Retention & TTL — additional design considerations

Raising this as a first-class concern before the spec PR, not an afterthought.

The problem

A chatty agent (security scanner, cost analyzer, health poller) running every 5 minutes across 50 namespaces generates ~600 AgentObservation objects per hour. etcd is not a log store. Its default size limit is 8GB and it degrades under high object churn. Kubernetes Events exist with a 1-hour default TTL (--event-ttl) precisely because of this failure mode.

Recommended approach: short TTL in etcd + promotion to external store

AgentObservation objects are ephemeral in etcd. An OTel collector, Fluentd sidecar, or custom exporter watches AgentObservation objects and ships them to a permanent store (Elasticsearch, S3, Loki) before TTL expires. The aip.io/correlationID label travels with the exported record — the full incident chain remains queryable in the external store even after the object is gone from etcd.

This is the same pattern Kubernetes Events already follow in production clusters. It is well-understood and has mature tooling.

Where TTL lives

Annotation, not spec field.

A spec.ttlSeconds field would require a TTL controller to enforce — which conflicts with the design goal of no business-logic controller for AgentObservation.
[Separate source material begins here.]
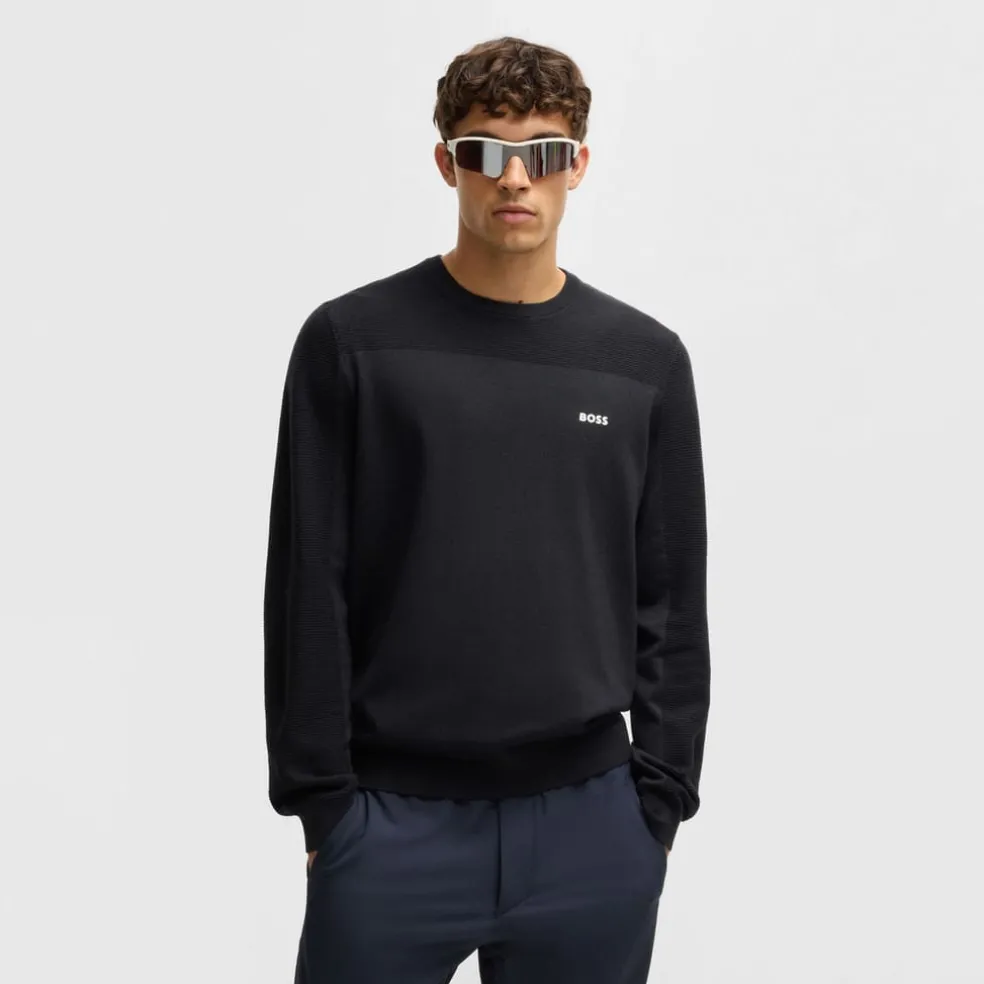 A regular-fit logo sweater in moisture-managing and thermo-regulating material blended with virgin wool by BOSS Menswear.

A standard annotation is lighter and delegates enforcement to the adopter's preferred TTL reaper (or a simple CronJob):

metadata:
  annotations:
    aip.io/ttl-seconds: "86400"   # 24 hours default

The spec defines the annotation key and default. Adopters wire enforcement. Third-party TTL controllers (there are several in the ecosystem) can honor the same annotation.

Default: 86400 seconds (24 hours). 1 hour (K8s Events default) is too short — an observation that preceded a denied request needs to survive long enough for on-call investigation. 24 hours covers the incident response window. 0 means no expiry — use this for observations that have been promoted to an external store and should be kept as a cluster-local reference.
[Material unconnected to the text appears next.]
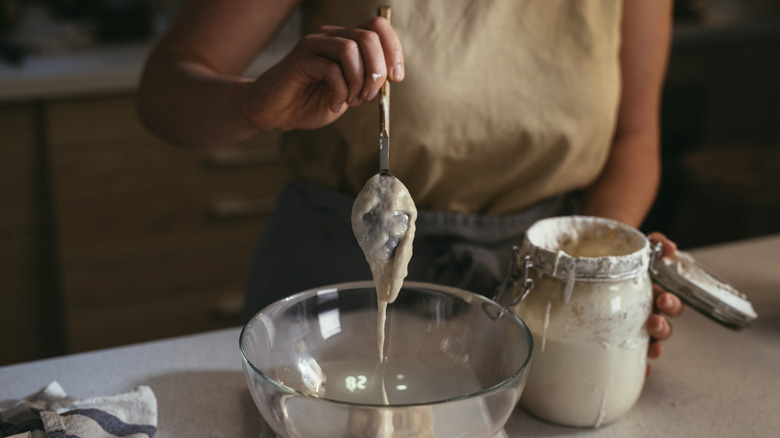 Looking at a sourdough starter alone won't clue you into the right time to start baking with it — especially when you haven't completed enough regular maintenance on it to allow it to grow to its fullest potential. As a standard rule of thumb, it's best to use your sourdough only after it's doubled in size and is visually gassy. But this often depends on the ambient temperatures in your kitchen and the time you feed it.

Spec changes this adds to scope

• aip.io/ttl-seconds annotation convention added to §3.x (AgentObservation)
• Default value (86400) and semantics (0 = no expiry) normatively specified
• Non-normative note recommending OTel/Fluentd promotion pattern for long-lived retention
• A.4 conformance: adopters SHOULD document their TTL and promotion strategy

On the schema question

Yes — the AgentObservation schema will be drafted as part of the spec PR for this issue. The details field will follow the same open-JSON extensibility model as AgentRequest.spec.parameters (adopter-defined, CEL-accessible via observation.spec.details.<field> for any future observation-aware tooling).